The thermostat is an important component in liquid cooling. It ensures that the combustion engine reaches its ideal operating temperature as quickly as possible and then maintains this temperature in all operating conditions.
The thermostat is an important component in liquid cooling. It ensures that the combustion engine reaches its ideal operating temperature as quickly as possible and then maintains this temperature in all operating conditions. This is an important prerequisite allowing the combustion engine to achieve optimum performance under all load conditions and emit low levels of harmful substances.
Depending on the application and technology of the combustion engine, thermostats have to exhibit different functional characteristics and ways of functioning. The following designs are used:
Cartridge thermostats are individual components inside a housing. They regulate the temperature precisely, are hard-wearing, maintenance-free and have been proving their worth for decades.
Housing thermostats comprise the cartridge and the housing. These modules are fully integrated into the engine.

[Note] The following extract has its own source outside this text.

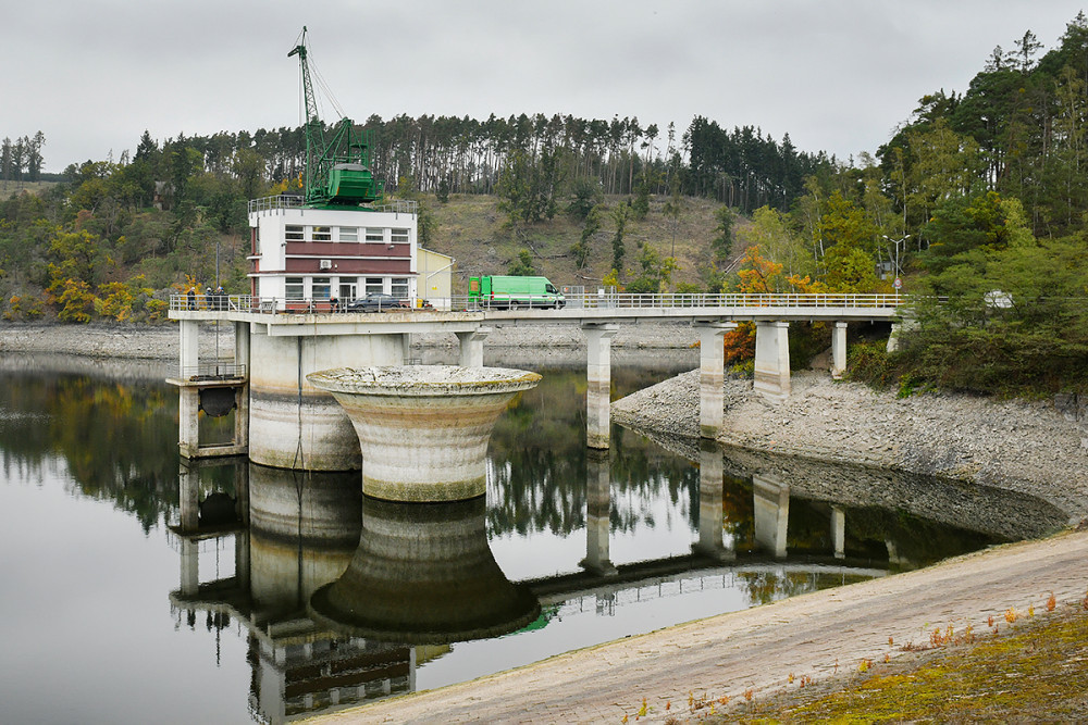 Hladina přehrady Hracholusky snížená o šest metrů už opět začíná stoupat. Skončila oprava obřího rychlouzávěru na elektrárně

The cooling power in performance-optimised modern passenger car combustion engines requires thermostats with a wider working range than that of conventional wax thermostats. The electrically heated thermostat was developed to meet this requirement. Electrically heated thermostats are characterised by a wider working range.
Thanks to additional control via the engine management, the engine temperature can be adjusted more effectively and in response to demand. This improves consumption values and reduces harmful substance emissions.
The work element is the linchpin of the wax thermostat. It is a pressure-resistant housing which is filled with a special wax. After the engine starts up, the coolant heats up the work element. When a predefined temperature is reached, the wax in the work element liquefies. It expands and acts on a pin in the housing which functions as a working piston. The working piston is pushed out of the housing and opens the flow of coolant to the radiator via a poppet valve so that the engine can be kept in the ideal temperature range. If the coolant falls back below the predefined opening temperature, a spring pushes the poppet and the pin back to their original position. The flow of coolant to the radiator is thus interrupted.
In an electrically heated thermostat, the wax in the work element is heated up both by the coolant and by means of electric heating. Thanks to this combination, the engine temperature can be regulated specifically according to load requirement. The electrical heating of the work element is controlled using various parameters from the electronic engine management.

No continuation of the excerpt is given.